Perpetrators of Child Sexual Exploitation (CSE) can be male or female, come from any ethnic background and be any age . They may have a low social and/or economic status or they could be a wealthy individual in a considerable position of authority. 

By raising awareness of CSE we hope that more people will think, spot and speak out against abuse. 

 

35% of all sexual crimes recorded in England and Wales in 2012/13 were sexual crimes against children under 16. 1

An Office of the Children’s Commissioner’s Inquiry was repeatedly informed of occasions when the primary groomer, or connection to a wider network of perpetrators, belonged, or was connected to, a victim’s family. 3

Recent research conducted by the NSPCC indicates that around 5% of UK children suffer contact sexual abuse at some point during childhood. It is likely that around 190,000 of these will fall victim to contact sexual abuse by a stranger or an adult relative (other than a parent or guardian) before turning 18. This represents an average of more than 10,000 new victims in the UK every year. 4 

An Office of the Children’s Commissioner’s Inquiry heard of individuals who would find and groom children and young people using social networking sites, meet them in person, and then circulate them among their friends who would exploit them. 3

CSE involves the abusive exercise of power by perpetrators over those who are vulnerable. 3

The abuse of the
power and authority that comes with status, be that celebrity or otherwise, certainly remains a potential threat to children. 4

Exploitation can also involve opportunistic or organised networks of perpetrators who may profit financially from trafficking children / young people between different locations to engage in sexual activity often with multiple men.

An Office of the Children’s Commissioner’s Inquiry was told of bus and coach stations being used by perpetrators to spot and recruit children and young people for sexual exploitation.
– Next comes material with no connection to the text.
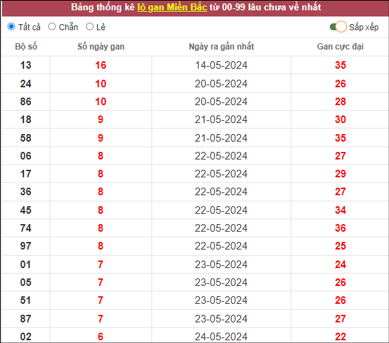 ⭐️Thống kê lô gan miền Bắc lâu ra nhất: 13 – 24 – 86 – 18 – 58

This was particularly the case where they were running away from home or living on the street. 3

More than one in three children (34%) who experienced contact sexual abuse by an adult did not tell anyone else about it. 2 

Compared with ‘single-perpetrator’ sexual violence, group-based sexual offending is committed more frequently by offenders in their teens and early twenties, as opposed to those who offend alone. 3

Technology is widely used by perpetrators as a method of grooming and coercing victims, often through social networking sites and mobile devices. 6

1. Office for National Statistics 2013 In: Crime in England and Wales 2012/13: findings from the British Crime Survey and police recorded crime.
2. Allnock, D. and Miller, P. (2013) No one noticed, no one heard: a study of disclosures of childhood abuse. [London]: NSPCC.
3. Office of the Children’s Commissioner’s Inquiry into Child Sexual Exploitation in Gangs and Groups. Final Report. November 2013.
4. Threat assessment of child sexual exploitation and abuse.Child Exploitation and Online Protection (CEOP) Centre, 2013.
5. Barnados 2011.
6. Child Exploitation and Online Protection Centre 2011.